A company called Superior Formatting Publishing offers a $.99 version of the now-public-domain War and Peace through Barnes and Noble’s Nook store — the lowest price version to be found there. When a blogger named Philip of the Ocracoke Island Journal read his copy, he noticed something quite odd:

“As I was reading, I came across this sentence: ‘It was as if a light had been Nookd in a carved and painted lantern….’ Thinking this was simply a glitch in the software, I ignored the intrusive word and continued reading. Some pages later I encountered the rogue word again.
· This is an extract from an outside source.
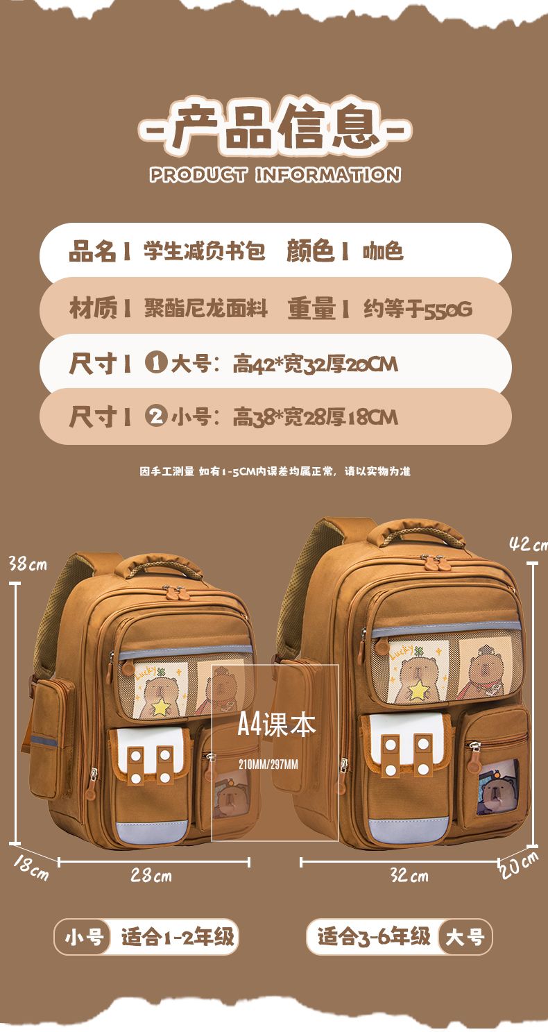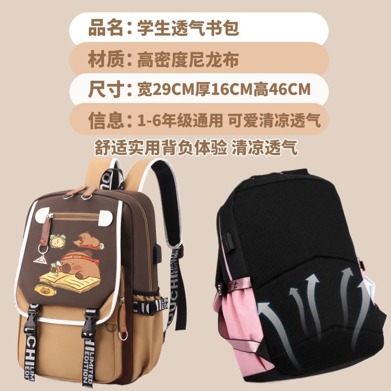 | [learning capybara] spine protection backpack for grade 3-6 send card(【学习水豚】3-6年级护脊双肩包送卡片) | USD $15.99 | 99999 piece available |

With my third encounter I decided to retrieve my hard cover book and find the original (well, the translated) text.

For the sentence above I discovered this genuine translation: ‘It was as if a light had been kindled in a carved and painted lantern….’ “

The Nook version of War and Peace had changed every instance of “kindle” or “kindled” into “Nook” and “Nookd,” not just on Philip’s copy, but on ours too.

The Superior Formatting Publishing version isn’t a Barnes and Noble book, so this isn’t the work of a rogue Nook marketer from B&N.  Rather, it’s likely that Superior Formatting Publishing ported its Kindle version of War and Peace over to the Nook — doing a search and replace to make sure that any Kindle references they’d inserted, such as in the advertising at the end of the book about their fine Kindle products, were simply changed to Nook.

It's always dangerous to enforce an editorial guideline by means of a global search-and-replace, whether that guideline leads you to replace queen with Queen Elizabeth, gay with homosexual, or Cronkite with Mr. Cronkite. (And please don't try to convert 50 Cent into foreign currency.) I have a feeling we're going to be seeing a lot more of these howlers, as e-publishers look to make a quick buck off of repackaging public-domain literary classics but don't bother with the niceties of copy-editing before making texts available electronically.

[Or as Theo Vosse puts it in the comments below, "Don't touch the clbuttics."]

(H/t, Greg Howard.)



23 Comments

  1. Hein Donix said,

    June 2, 2012 @ 2:35 am

    Just about a month ago, there was a similar case in Germany; the Berliner Morgenpost (Berlin Morning Post) and the WELT (lit.: world) shared quite a lot of their online edition's articles. However, these articles weren't completely identical, but the string "Welt" was replaced by "Morgenpost Online" in the Morning post versions leading to "Morgenpost Onlinerekorden" (Morning post online records) and "Morgenpost Onlineweiter Produktion" (Morning post online wide production).
    Uncovered by BILDblog, a famous german watchblog, this mistake caused a meme (german) of replacing "world" with "Morning Post online" in well-known phrases: "What a wonderful Morning Post online", "The Morning Post online is not enough" , "That's not the end of the Morning Post online", etc.

  2. Simon Tatham said,

    June 2, 2012 @ 3:10 am

    My favourite one of these was noticing the unusual word "htmlirin" in a news article once. After some headscratching I realised this must have been "aspirin" originally, and had to have been caused by a change of web server technology which turned all the filenames ending in .asp into ones ending in .html – and it didn't occur to them to ensure the search-and-replace that corrected crosslinks didn't also operate on the text outside the HTML tags.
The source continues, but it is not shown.